Here's what ODE bullet points as the main changes to the Ohio Teacher Evaluation System
State law (Ohio House Bill 64) brought changes to the Ohio Teacher Evaluation System for the 2015-2016 school year and beyond. The bill extends "safe harbor" provisions for educators who use value-added ratings from state tests for the student growth measure portion of their evaluations. The legislation also modifies the alternative framework, one of two models districts must choose from when evaluating teachers and principals.Safe harbor provides flexibility with value-added data – Because of the transition to new state tests, which offer value-added data as one means of calculating student academic growth, the General Assembly also extended and modified safe harbor provisions. That means that school districts will not use value-added ratings from state tests for the 2014-2015 and 2015-2016 school years as part of educator evaluations or when making decisions regarding dismissal, retention, tenure or compensation – unless they establish a memorandum of understanding to do so. Teachers will continue to receive value-added reports that will provide them with diagnostic information about their students’ progress.
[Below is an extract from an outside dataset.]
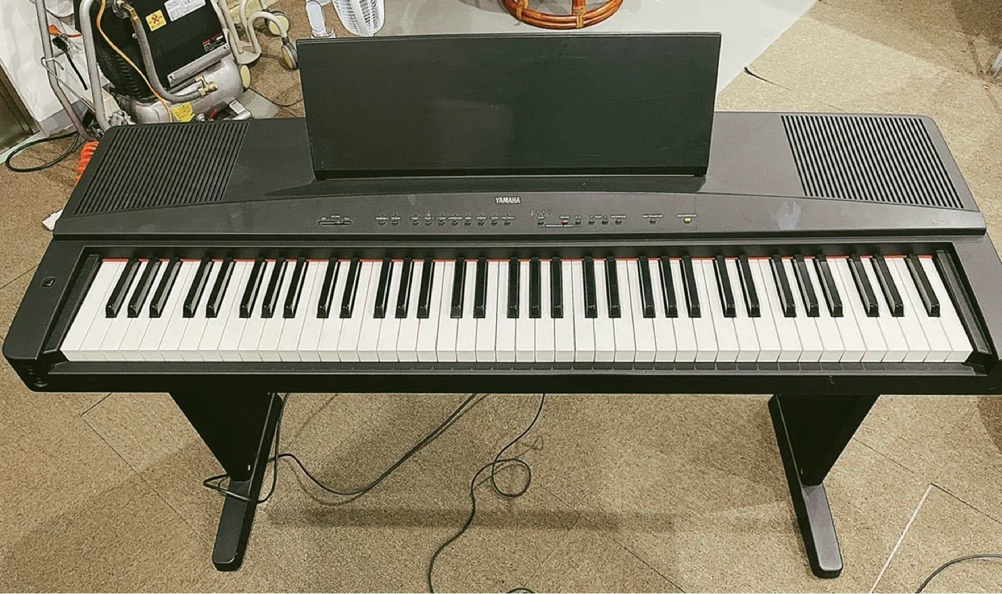 A Yamaha YPP-55 76 Keys semi-weighted digital piano. It offers various instrument sounds like piano, strings, and organ. Includes a music stand.

Alternative framework changes – Districts still must choose either the original model (which weights performance and student growth equally at 50 percent each) or an alternative model to follow as they conduct teacher evaluations. The alternative model now weights teacher performance at 50 percent, student growth at 35 percent and an additional component as 15 percent of the total. If selecting this framework, districts may use one or any combination of five options for the additional component:
Student surveys;
Teacher self-evaluations;
Peer review evaluations;
Student portfolios; or a
District-determined component.
On the face of it, an improvement. Though the continued insistence on relying on unreliable VAM data is still, after all these years, after all the studies showing it doesn't work, is frustrating.
Now go read the FAQ ODE has produced, and one quickly realizes that once you start asking questions based on the real world, HB64 has created a tangled mess of more work - work that will once again be abandoned in 2 years time when the safe harbor expires.
The legislature should simply scrap all this state mandated evaluation nonsense, and allow districts to develop their own evaluation systems, leaving ODE to provide suggested frameworks, and assessments.
It is simply not possible to get to a system that fairly evaluates all teachers in an apples-to-apples way, and that amount of effort being expending in attempting to do so is distracting from the primary mission of educating students.